(RECORDS SUPPLIED)
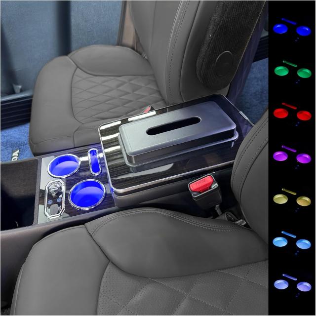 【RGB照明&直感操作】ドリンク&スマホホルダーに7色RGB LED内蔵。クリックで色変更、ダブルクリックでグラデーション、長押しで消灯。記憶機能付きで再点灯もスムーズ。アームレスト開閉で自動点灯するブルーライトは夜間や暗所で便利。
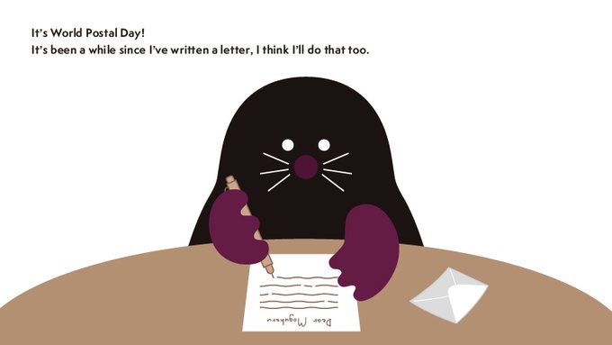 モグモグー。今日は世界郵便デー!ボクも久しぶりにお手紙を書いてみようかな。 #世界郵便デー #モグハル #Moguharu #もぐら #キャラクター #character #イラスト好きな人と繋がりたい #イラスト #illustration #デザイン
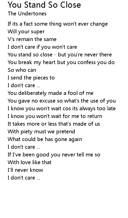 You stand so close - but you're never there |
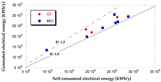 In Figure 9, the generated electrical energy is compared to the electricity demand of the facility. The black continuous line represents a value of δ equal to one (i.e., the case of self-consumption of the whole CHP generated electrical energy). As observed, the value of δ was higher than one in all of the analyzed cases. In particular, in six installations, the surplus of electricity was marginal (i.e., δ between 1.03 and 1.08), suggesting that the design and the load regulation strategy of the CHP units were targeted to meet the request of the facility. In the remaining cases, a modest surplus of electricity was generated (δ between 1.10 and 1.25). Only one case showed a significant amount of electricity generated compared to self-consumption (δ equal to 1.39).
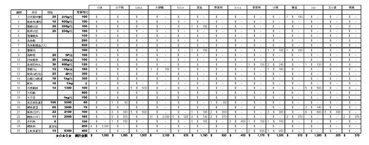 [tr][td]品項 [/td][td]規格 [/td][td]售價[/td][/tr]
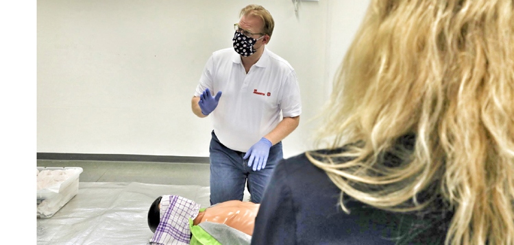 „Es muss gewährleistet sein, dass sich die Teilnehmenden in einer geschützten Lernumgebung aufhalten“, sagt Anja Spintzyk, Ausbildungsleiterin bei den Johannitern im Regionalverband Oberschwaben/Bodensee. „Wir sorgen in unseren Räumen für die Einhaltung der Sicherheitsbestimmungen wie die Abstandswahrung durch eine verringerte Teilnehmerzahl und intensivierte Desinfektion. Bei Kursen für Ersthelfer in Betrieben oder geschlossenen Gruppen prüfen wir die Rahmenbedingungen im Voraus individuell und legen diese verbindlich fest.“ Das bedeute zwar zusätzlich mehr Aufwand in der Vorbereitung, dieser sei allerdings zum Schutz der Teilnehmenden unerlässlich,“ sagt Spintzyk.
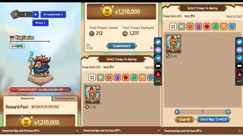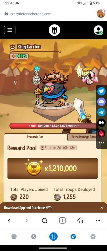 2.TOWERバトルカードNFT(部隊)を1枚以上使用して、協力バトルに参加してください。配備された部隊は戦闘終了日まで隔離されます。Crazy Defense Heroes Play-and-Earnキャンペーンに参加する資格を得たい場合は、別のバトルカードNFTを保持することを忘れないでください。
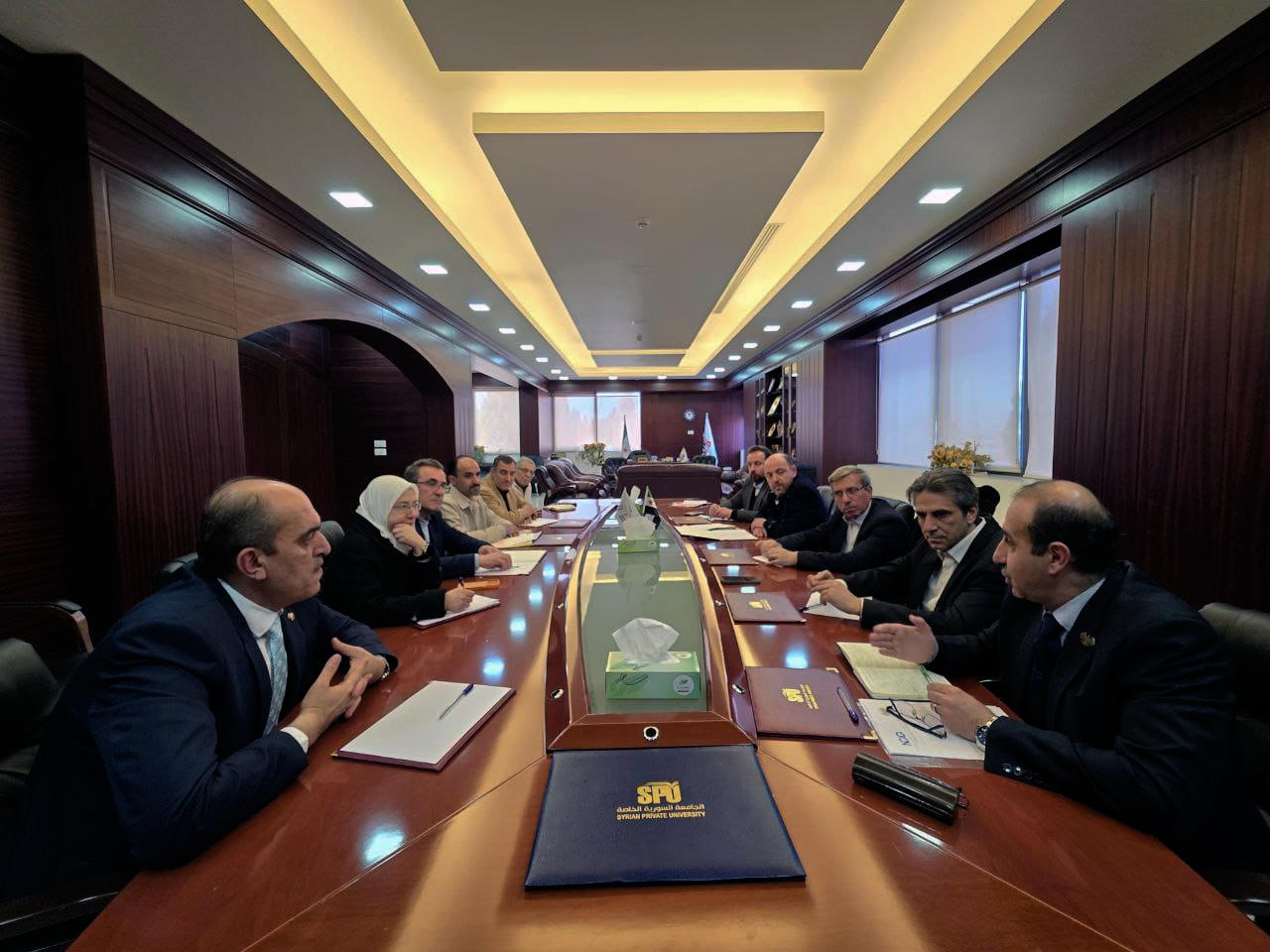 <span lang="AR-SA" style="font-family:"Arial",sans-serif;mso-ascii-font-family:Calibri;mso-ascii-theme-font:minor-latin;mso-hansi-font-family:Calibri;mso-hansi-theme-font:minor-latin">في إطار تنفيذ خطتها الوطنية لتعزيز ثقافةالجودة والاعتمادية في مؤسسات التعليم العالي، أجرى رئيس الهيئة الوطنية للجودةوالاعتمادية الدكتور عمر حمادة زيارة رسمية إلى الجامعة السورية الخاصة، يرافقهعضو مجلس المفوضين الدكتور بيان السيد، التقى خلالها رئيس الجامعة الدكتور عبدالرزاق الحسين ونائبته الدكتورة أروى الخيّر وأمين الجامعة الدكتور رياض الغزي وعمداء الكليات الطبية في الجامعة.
(End RECORDS SUPPLIED)
(RECORDS SUPPLIED)
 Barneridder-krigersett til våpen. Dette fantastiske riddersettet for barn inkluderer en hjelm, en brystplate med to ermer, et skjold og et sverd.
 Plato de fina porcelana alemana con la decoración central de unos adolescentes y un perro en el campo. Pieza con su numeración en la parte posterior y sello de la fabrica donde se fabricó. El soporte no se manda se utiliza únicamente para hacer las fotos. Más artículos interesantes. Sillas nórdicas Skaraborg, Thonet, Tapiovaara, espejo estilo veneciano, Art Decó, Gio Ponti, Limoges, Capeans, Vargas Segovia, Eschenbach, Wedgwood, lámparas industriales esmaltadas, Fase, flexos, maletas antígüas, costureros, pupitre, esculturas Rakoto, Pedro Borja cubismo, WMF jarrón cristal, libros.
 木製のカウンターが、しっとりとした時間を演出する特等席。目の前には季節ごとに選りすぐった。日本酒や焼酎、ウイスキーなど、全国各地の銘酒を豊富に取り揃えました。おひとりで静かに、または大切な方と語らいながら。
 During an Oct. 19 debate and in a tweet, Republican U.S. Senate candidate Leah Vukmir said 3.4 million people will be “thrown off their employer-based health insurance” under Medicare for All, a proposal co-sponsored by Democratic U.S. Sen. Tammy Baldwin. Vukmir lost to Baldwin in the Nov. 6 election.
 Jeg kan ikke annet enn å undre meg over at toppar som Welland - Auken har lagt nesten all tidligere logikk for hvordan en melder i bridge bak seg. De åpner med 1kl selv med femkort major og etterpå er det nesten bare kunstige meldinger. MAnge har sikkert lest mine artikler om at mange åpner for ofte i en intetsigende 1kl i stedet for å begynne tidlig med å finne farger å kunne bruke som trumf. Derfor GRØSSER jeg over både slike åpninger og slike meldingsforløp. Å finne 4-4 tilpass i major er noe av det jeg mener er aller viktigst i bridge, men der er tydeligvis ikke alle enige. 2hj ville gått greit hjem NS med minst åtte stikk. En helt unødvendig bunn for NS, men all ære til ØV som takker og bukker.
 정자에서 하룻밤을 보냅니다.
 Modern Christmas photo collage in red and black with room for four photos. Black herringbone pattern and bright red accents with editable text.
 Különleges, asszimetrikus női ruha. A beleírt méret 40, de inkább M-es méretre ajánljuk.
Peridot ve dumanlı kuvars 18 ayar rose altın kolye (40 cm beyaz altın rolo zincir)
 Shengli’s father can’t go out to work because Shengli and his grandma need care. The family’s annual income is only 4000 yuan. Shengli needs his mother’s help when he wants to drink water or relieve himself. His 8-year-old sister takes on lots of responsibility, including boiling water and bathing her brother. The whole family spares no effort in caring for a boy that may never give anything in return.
(End RECORDS SUPPLIED)
(RECORDS SUPPLIED)
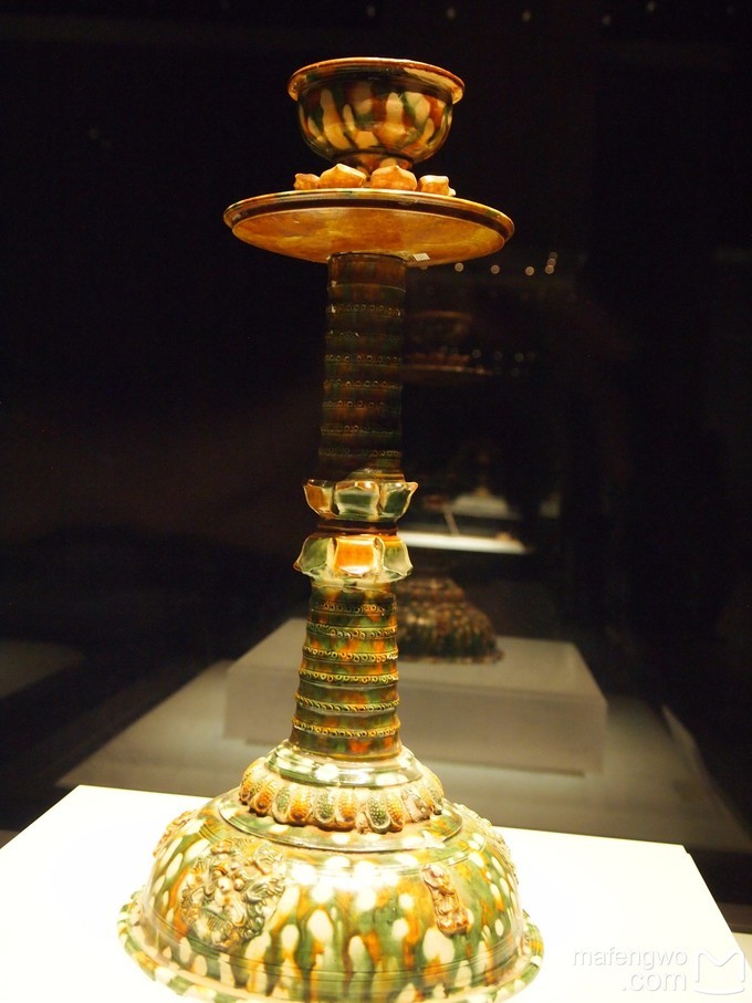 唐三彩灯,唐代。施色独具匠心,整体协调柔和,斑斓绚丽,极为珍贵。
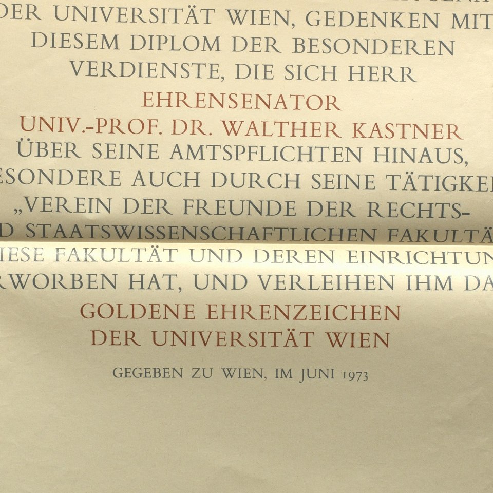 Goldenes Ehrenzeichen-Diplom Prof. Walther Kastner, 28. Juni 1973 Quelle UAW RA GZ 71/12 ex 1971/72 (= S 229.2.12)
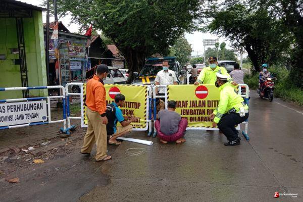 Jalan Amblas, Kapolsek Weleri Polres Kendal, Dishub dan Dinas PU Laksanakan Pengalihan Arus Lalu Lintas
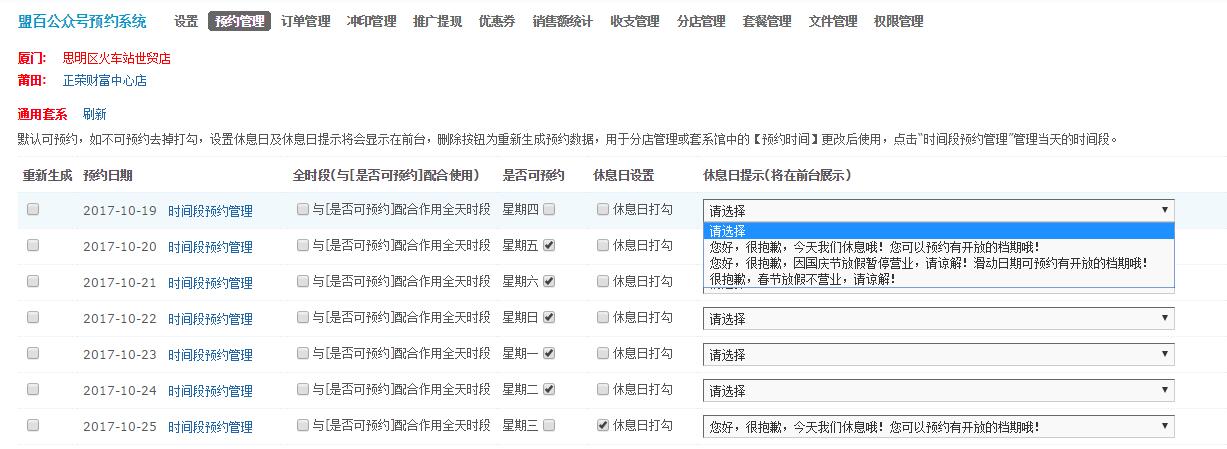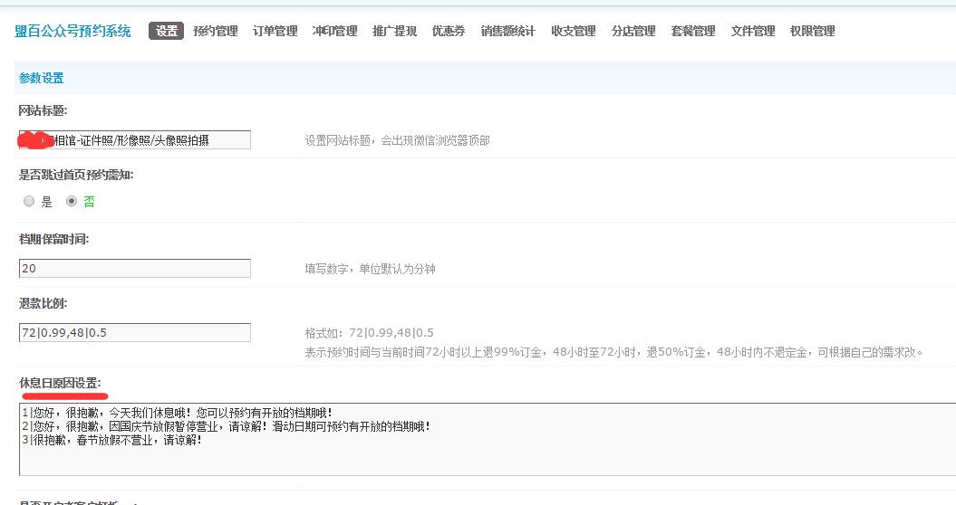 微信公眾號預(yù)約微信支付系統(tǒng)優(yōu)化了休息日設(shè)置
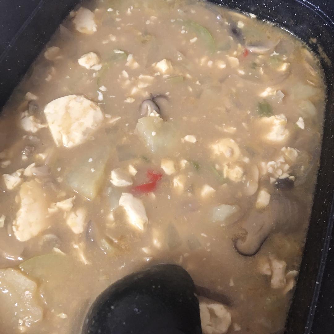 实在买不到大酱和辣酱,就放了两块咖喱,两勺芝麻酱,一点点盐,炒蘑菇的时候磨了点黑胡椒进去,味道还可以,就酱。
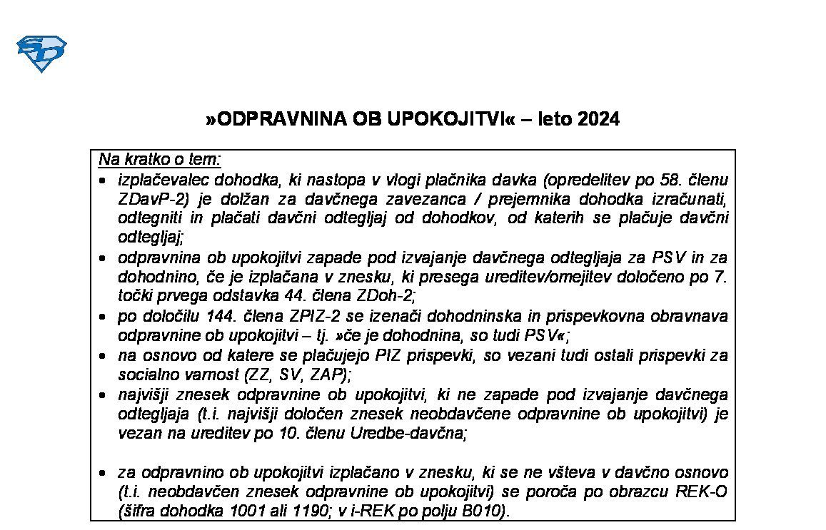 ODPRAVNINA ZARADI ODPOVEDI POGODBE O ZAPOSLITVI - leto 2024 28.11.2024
(End RECORDS SUPPLIED)
WORK REQUIRED:
Taking the entries above, extract every line from the one bearing "实在买不到大酱和辣酱,就放了" through the one bearing "ODPRAVNINA ZARADI ODPOVEDI", exactly, with no pictures.

WRITTEN RESPONSE:
 实在买不到大酱和辣酱,就放了两块咖喱,两勺芝麻酱,一点点盐,炒蘑菇的时候磨了点黑胡椒进去,味道还可以,就酱。
 ODPRAVNINA ZARADI ODPOVEDI POGODBE O ZAPOSLITVI - leto 2024 28.11.2024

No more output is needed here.